Skipping install of 'sherlock' from a github remote, the SHA1 (38584034) has not changed since last install.
  Use `force = TRUE` to force installation

#loading dataset and other necessary packages
library(sherlock)
library(tidytext)
library(dplyr)


Attaching package: 'dplyr'

The following objects are masked from 'package:stats':

    filter, lag

The following objects are masked from 'package:base':

    intersect, setdiff, setequal, union

library(tidyverse)

── Attaching core tidyverse packages ──────────────────────── tidyverse 2.0.0 ──
✔ forcats   1.0.0     ✔ readr     2.1.4
✔ ggplot2   3.4.4     ✔ stringr   1.5.1
✔ lubridate 1.9.3     ✔ tibble    3.2.1
✔ purrr     1.0.2     ✔ tidyr     1.3.0

── Conflicts ────────────────────────────────────────── tidyverse_conflicts() ──
✖ dplyr::filter() masks stats::filter()
✖ dplyr::lag()    masks stats::lag()
ℹ Use the conflicted package (<http://conflicted.r-lib.org/>) to force all conflicts to become errors

library(stringr)
library(tibble)
library(knitr)
library(here)

here() starts at /Users/cassiaroth/Documents/GitHub/MADARoth/cassiaroth-MADA-portfolio

Next, we will explore the dataset. We will start by looking at the structure.

#Exploring the dataset
dplyr::glimpse(holmes)

Rows: 65,958
Columns: 2
$ text <chr> "A STUDY IN SCARLET", "", "Table of contents", "", "Part I", "Mr.…
$ book <chr> "A Study In Scarlet", "A Study In Scarlet", "A Study In Scarlet",…

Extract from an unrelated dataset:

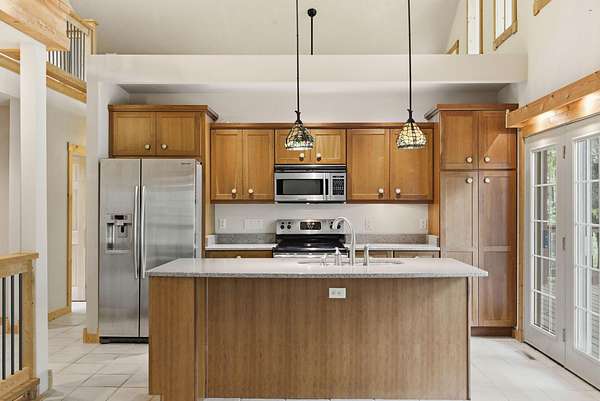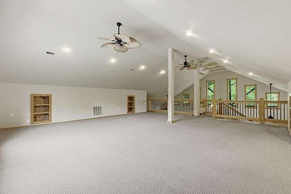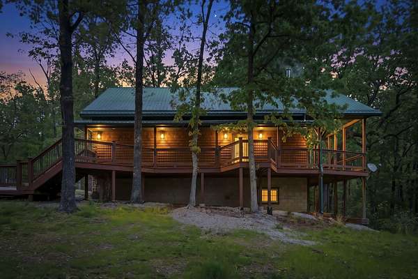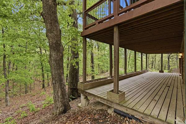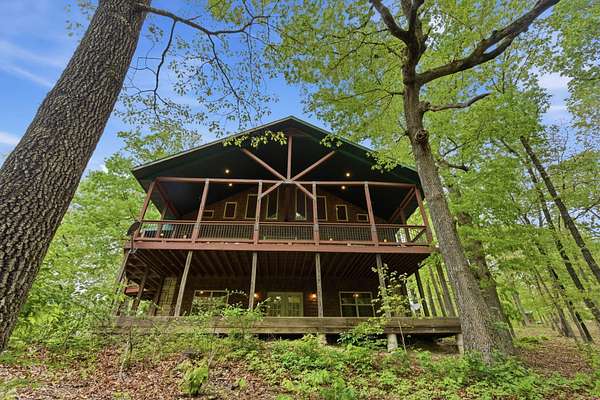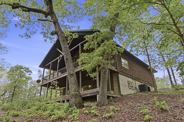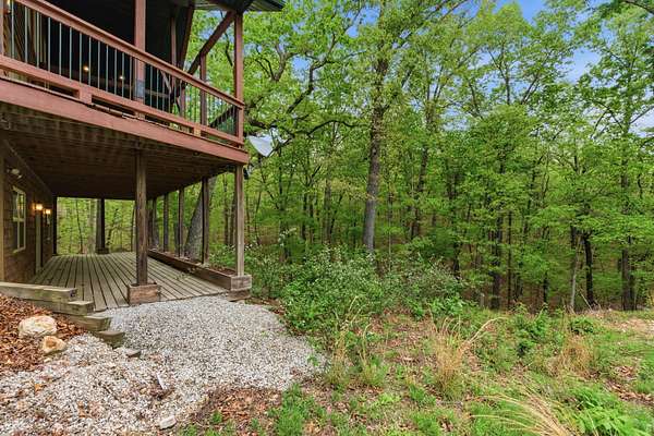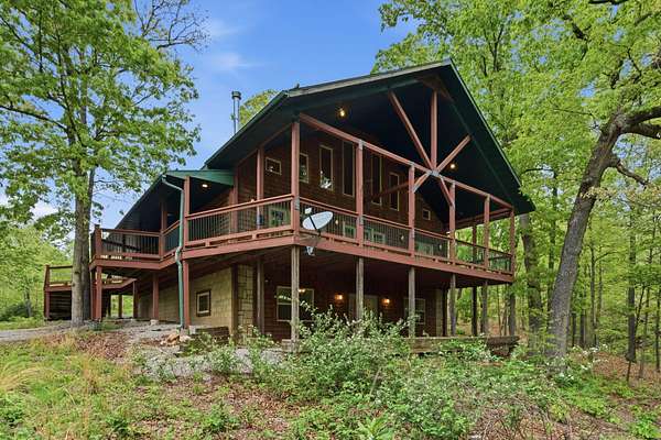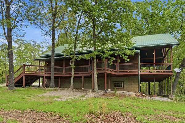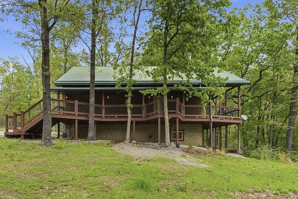 Tucked behind TWO GATED ENTRIES off State Hwy JJ, this private 3-BEDROOM, 2-BATH, 2-CAR GARAGE home sits on 23 ACRES of beautiful, usable land, offering the perfect blend of SECLUSION, RECREATION, AND EVERYDAY COMFORT. The setting is stunning and park-like, with acreage providing EXCELLENT HUNTING FOR DEER AND TURKEY, wooded terrain, a serene creek, and even wild blackberries--creating a true OZARKS RETREAT.This ENERGY-EFFICIENT three-level home features FOAM INSULATION and a DUAL-ZONE HVAC SYSTEM for year-round comfort. Inside is an inviting OPEN-CONCEPT LIVING, KITCHEN, AND DINING AREA with VAULTED CEILINGS. The kitchen offers GRANITE COUNTERTOPS, STAINLESS STEEL APPLIANCES, and great flow for entertaining. A WOOD-BURNING STOVE adds warmth and charm.Enjoy outdoor living with a COVERED WRAP-AROUND PORCH, VAULTED BACK PORCH, plus UPPER AND LOWER DECKS overlooking the private setting--perfect for relaxing or entertaining.Upstairs features a LOFT BONUS ROOM, while the lower level includes TWO BEDROOMS, FULL BATH, AND SECOND LIVING AREA, ideal for guests or MULTI-GENERATIONAL LIVING.Additional highlights include a PRIVATE WELL AND SEPTIC, OVERSIZED GARAGE WITH WORKSPACE, and room for SHOPS, RVS, OR EQUIPMENT--all with NO HOA RESTRICTIONS.Conveniently located near TEXPLEX PARK, and just minutes to BIG CEDAR, TOP OF THE ROCK, AND BRANSON AIRPORT.If you're looking for ACREAGE, PRIVACY, AND A MOVE-IN READY HOME WITH QUALITY FINISHES, this one checks every box.

#Viewing the first few rows (variable names "text" and "book")
head(holmes)

# A tibble: 6 × 2
  text                  book              
  <chr>                 <chr>             
1 "A STUDY IN SCARLET"  A Study In Scarlet
2 ""                    A Study In Scarlet
3 "Table of contents"   A Study In Scarlet
4 ""                    A Study In Scarlet
5 "Part I"              A Study In Scarlet
6 "Mr. Sherlock Holmes" A Study In Scarlet

#Understanding all books in the data
book_titles <- holmes %>% distinct(book)
print(book_titles)

# A tibble: 48 × 1
   book                               
   <chr>                              
 1 A Study In Scarlet                 
 2 The Sign of the Four               
 3 A Scandal in Bohemia               
 4 The Red-Headed League              
 5 A Case of Identity                 
 6 The Boscombe Valley Mystery        
 7 The Five Orange Pips               
 8 The Man with the Twisted Lip       
 9 The Adventure of the Blue Carbuncle
10 The Adventure of the Speckled Band 
# ℹ 38 more rows

#Ordering the entries alphabetically by book title
book_titles <- book_titles[order(book_titles$book), ]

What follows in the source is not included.